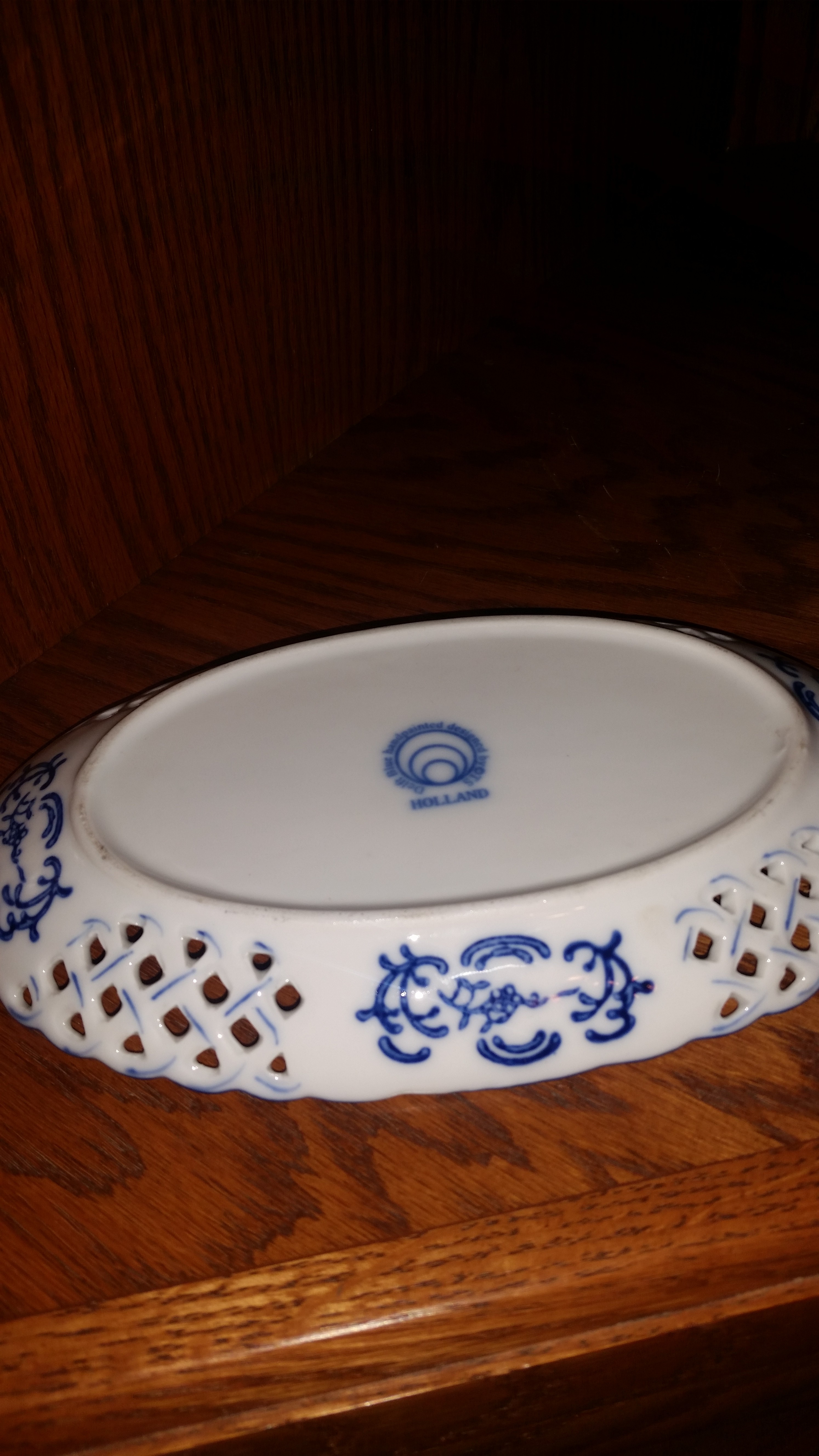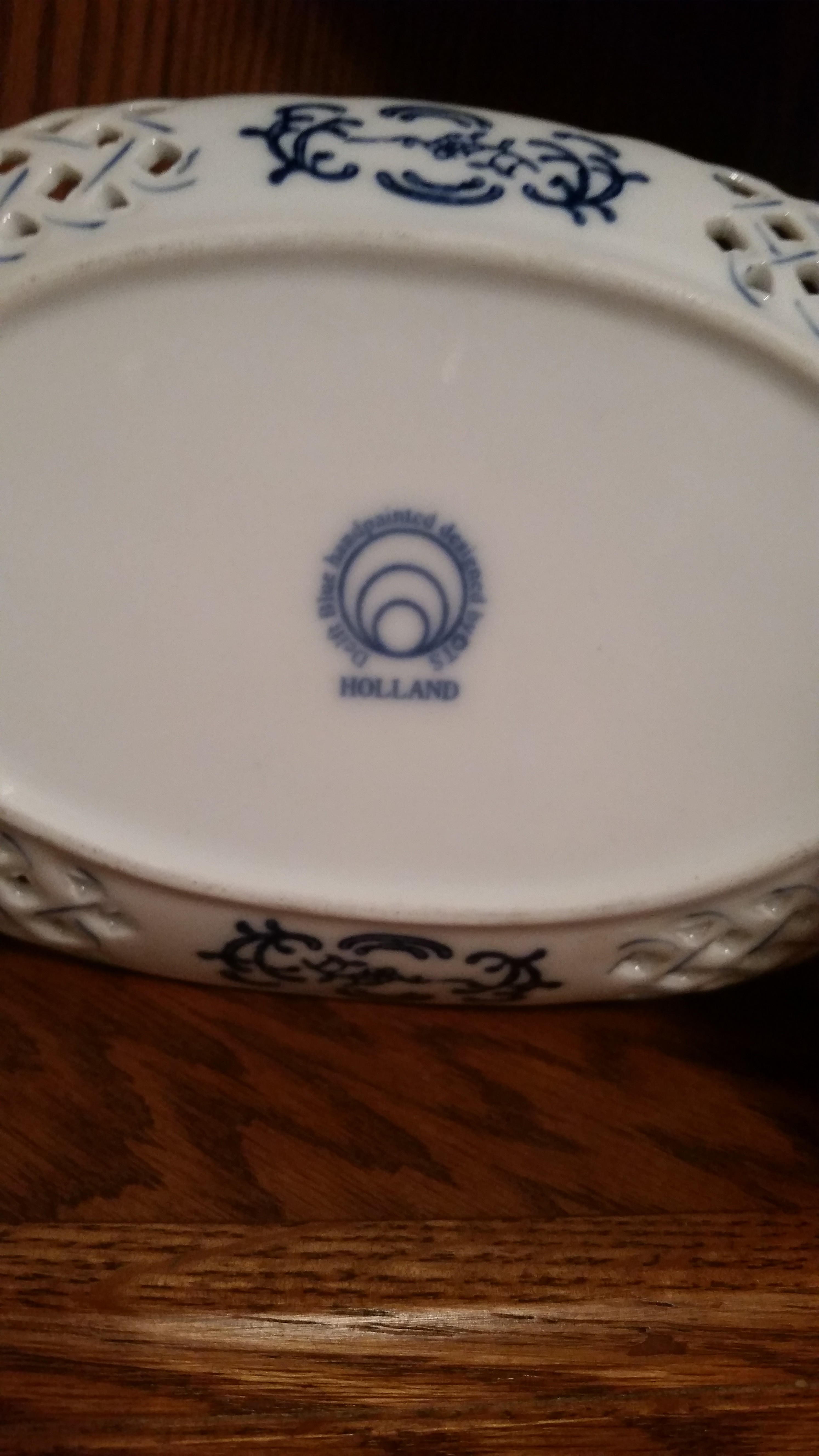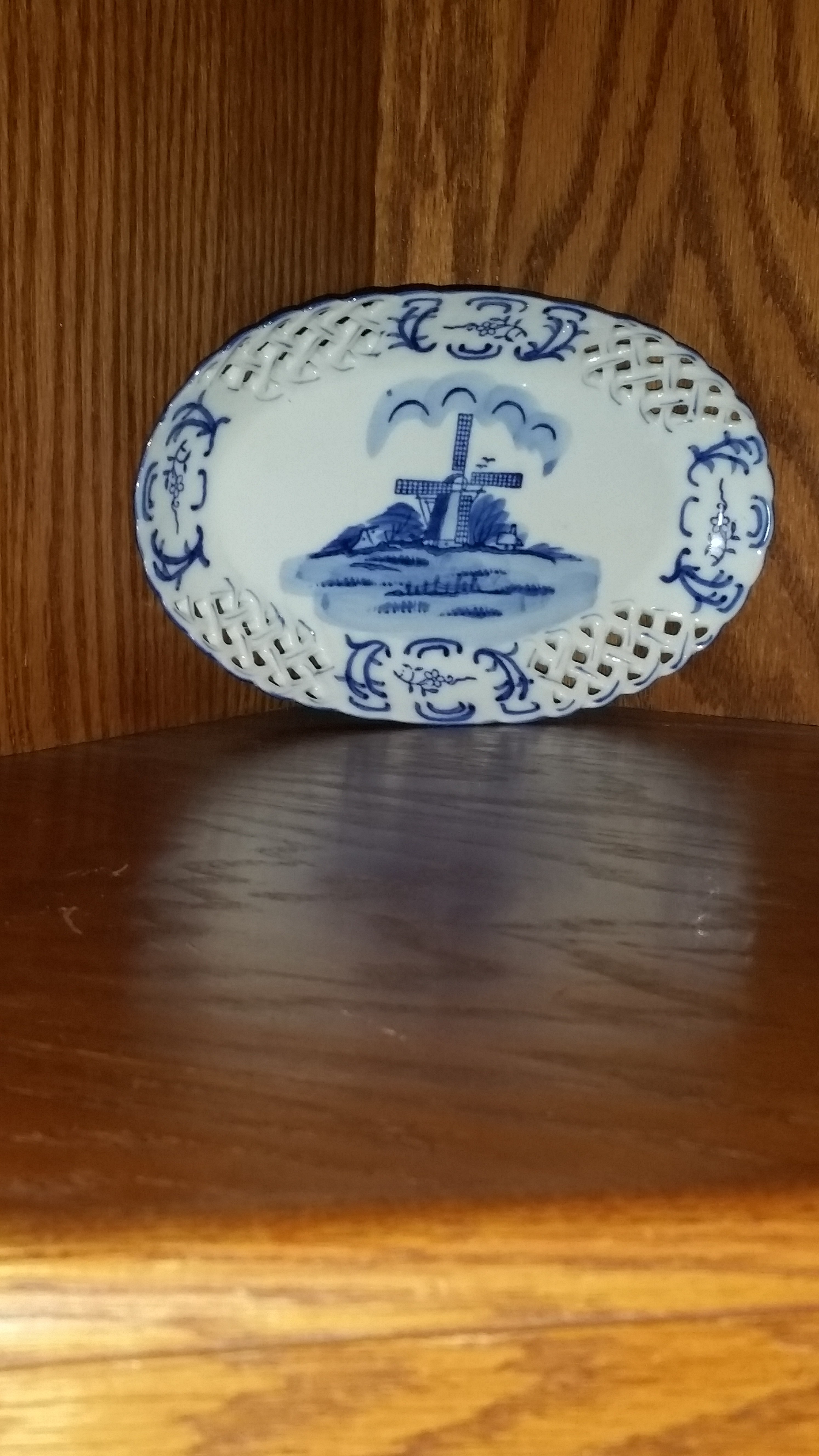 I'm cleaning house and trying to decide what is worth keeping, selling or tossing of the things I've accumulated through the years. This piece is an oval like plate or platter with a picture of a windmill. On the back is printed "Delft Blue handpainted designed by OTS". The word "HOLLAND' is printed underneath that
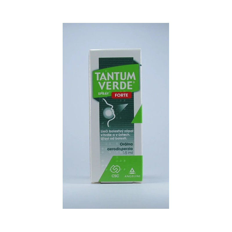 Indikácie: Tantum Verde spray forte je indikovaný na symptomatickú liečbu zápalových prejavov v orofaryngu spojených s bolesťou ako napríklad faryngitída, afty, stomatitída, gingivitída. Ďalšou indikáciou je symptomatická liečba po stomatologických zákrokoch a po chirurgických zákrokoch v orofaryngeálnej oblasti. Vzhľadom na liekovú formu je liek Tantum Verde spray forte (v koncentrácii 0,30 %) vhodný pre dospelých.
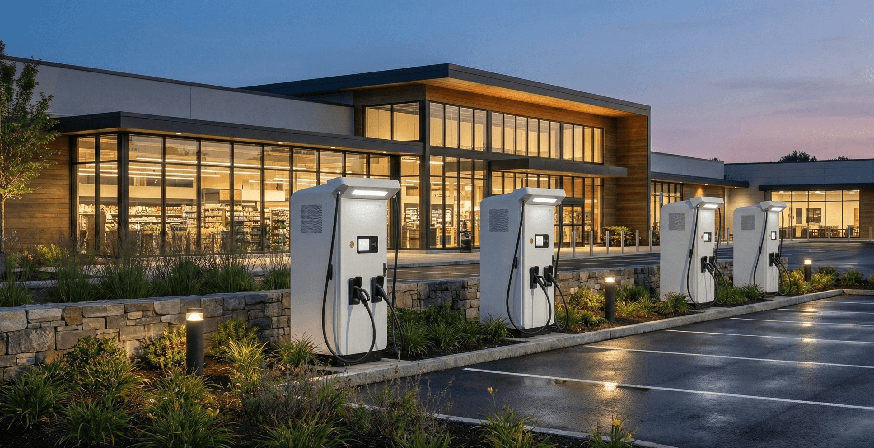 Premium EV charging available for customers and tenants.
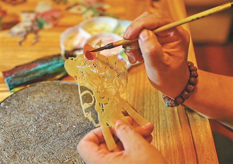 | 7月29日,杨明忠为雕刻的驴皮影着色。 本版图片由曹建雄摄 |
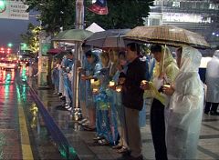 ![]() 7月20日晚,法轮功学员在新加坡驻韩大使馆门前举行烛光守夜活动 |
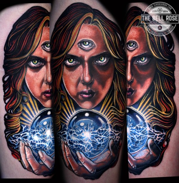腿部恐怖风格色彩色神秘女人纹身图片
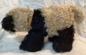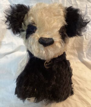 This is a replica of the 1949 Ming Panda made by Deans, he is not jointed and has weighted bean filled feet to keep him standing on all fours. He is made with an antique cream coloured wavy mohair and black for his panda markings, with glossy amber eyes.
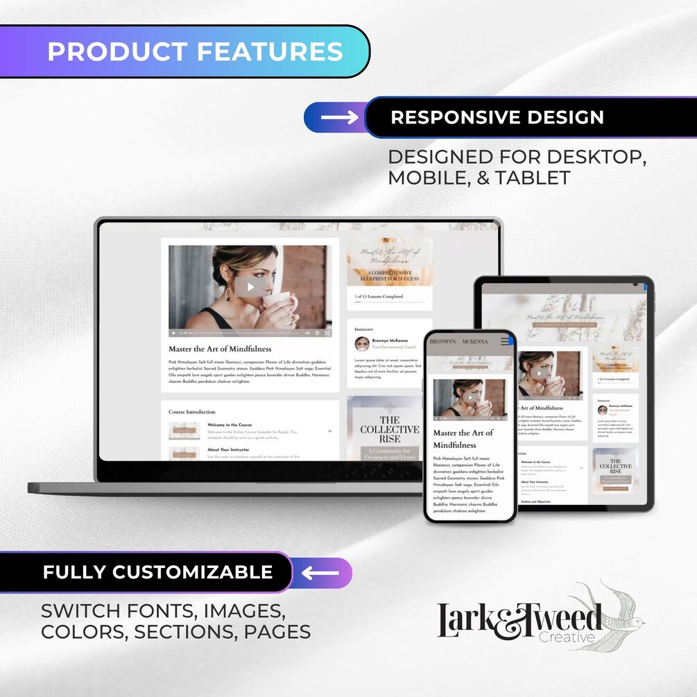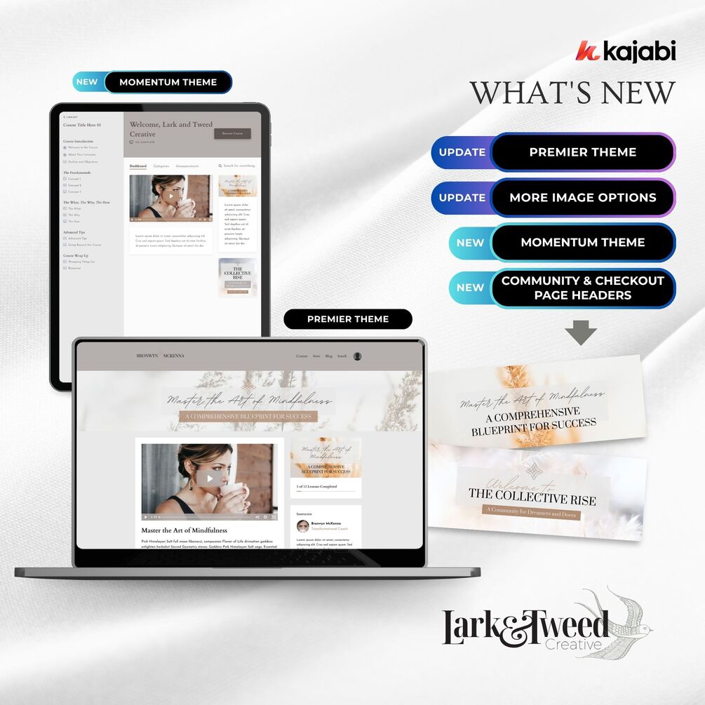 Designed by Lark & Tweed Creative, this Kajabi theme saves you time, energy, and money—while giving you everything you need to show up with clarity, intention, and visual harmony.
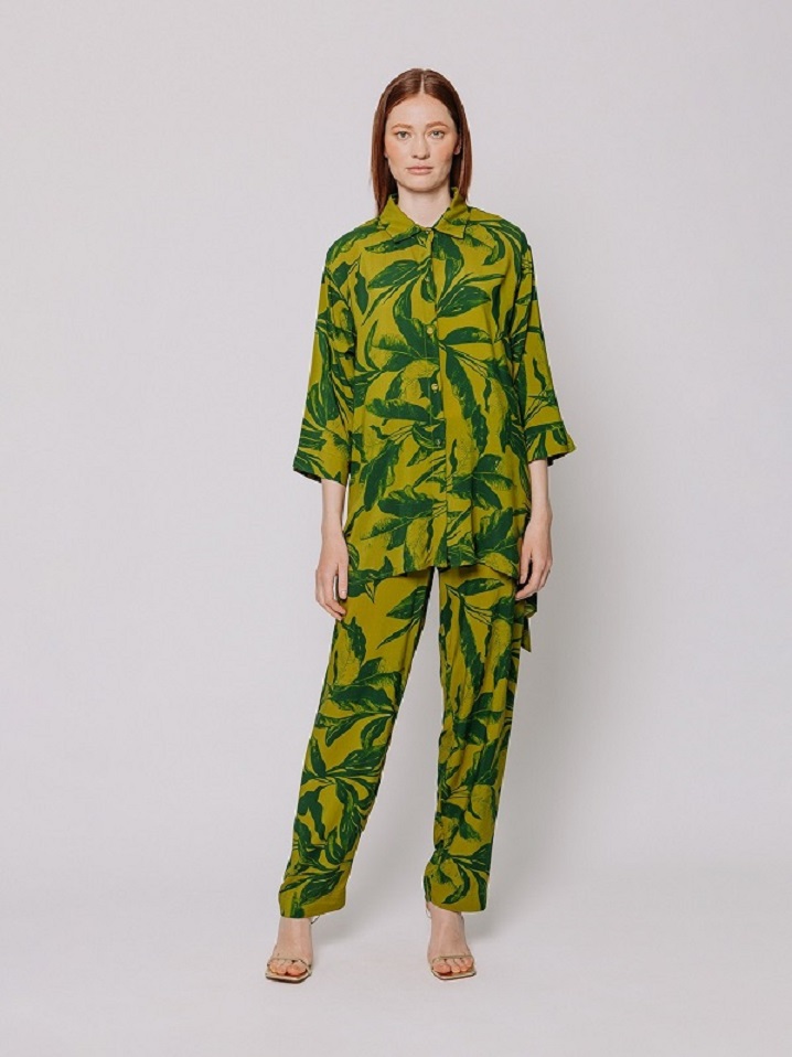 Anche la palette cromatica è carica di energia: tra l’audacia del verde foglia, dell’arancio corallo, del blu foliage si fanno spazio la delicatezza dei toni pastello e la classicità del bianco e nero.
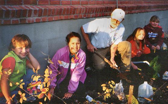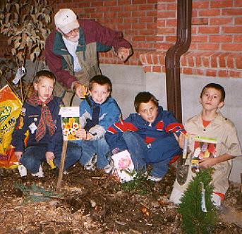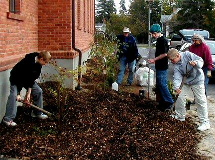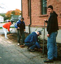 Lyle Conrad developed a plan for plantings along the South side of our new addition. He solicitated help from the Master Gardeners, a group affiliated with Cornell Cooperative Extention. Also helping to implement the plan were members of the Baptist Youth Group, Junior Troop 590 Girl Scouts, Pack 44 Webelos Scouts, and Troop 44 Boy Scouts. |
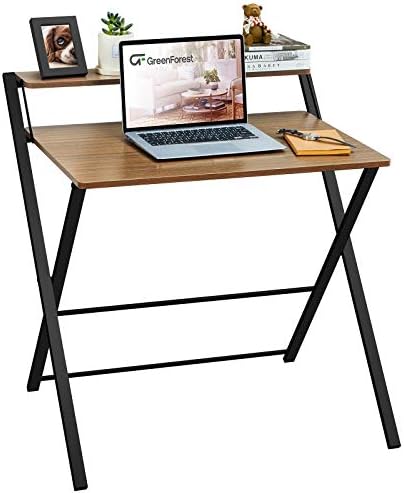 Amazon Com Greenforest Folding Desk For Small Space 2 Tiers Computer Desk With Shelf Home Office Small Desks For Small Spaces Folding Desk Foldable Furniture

▬▬▬

[Task]
Copy exactly the material above from the line with "腿部恐怖风格色彩色神秘女人纹身图片" to the line with "Designed by Lark", ends included, and nothing else. Leave out any picture.

[Expected output]
腿部恐怖风格色彩色神秘女人纹身图片
 This is a replica of the 1949 Ming Panda made by Deans, he is not jointed and has weighted bean filled feet to keep him standing on all fours. He is made with an antique cream coloured wavy mohair and black for his panda markings, with glossy amber eyes.
 Designed by Lark & Tweed Creative, this Kajabi theme saves you time, energy, and money—while giving you everything you need to show up with clarity, intention, and visual harmony.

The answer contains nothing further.